Design/methodology/approach
Depression defined as psychiatric disease and chronic mild stress (CMS) model a well-known animal model of depression that represented major symptoms occurred in human depression. Geranium oil and anise oil selected for such a study to check their anti-inflammatory effect in brain tissues in depressed animal model.
Findings
The brain cerebral cortex and hippocampus neurotransmitters serotonin, dopamine, norepinephrine, gamma aminobutyric acid (GABA) and interleukin (IL)-10 significantly decreased (p < 0.001) while brain cerebral cortex and hippocampus IL-1ß, IL-6, tumor necrosis factor-alpha (TNF-α) and Ki-67 levels significantly increased (p < 0.001) in CMS rats compared to control.

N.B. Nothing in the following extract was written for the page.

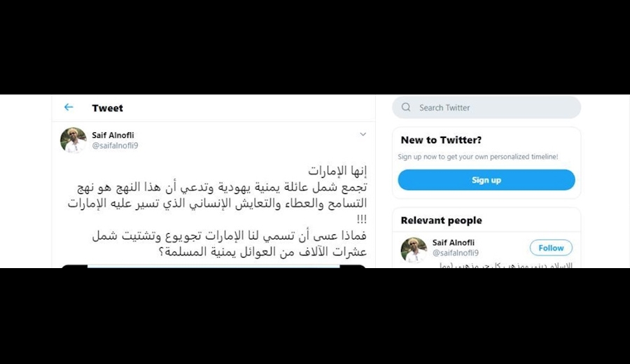سیف النوفی نیز در توئیتی نوشت: امارات یک خانواده یمنی یهودی را دور هم جمع و ادعا میکند این همان رویکرد تسامح و همزیستی است که همواره آن را در پیش میگیرد,، اما در قبال گرسنه نگهداشتن و پراکنده کردن دهها هزار خانواده مسلمان یمنی چه پاسخی دارد.

The oral intake of venlafaxine drug, anise oil and geranium oil significantly increased (p < 0.001) serotonin, dopamine, norepinephrine, GABA and IL-10 while significantly decreased (p < 0.001) IL-1ß, IL-6, TNF-α and Ki-67 levels to approach normal levels in brain cerebral cortex and hippocampus areas compared with CMS rats.
Originality/value
Antidepressants used in depression treatment but these drugs are either too expensive or had side effects. Folklore and complementary medicine used in different diseases treatment due to cheap and available source. Geranium oil and anise oil had anti-inflammatory effect in brain cerebral cortex and hippocampus areas in CMS rats.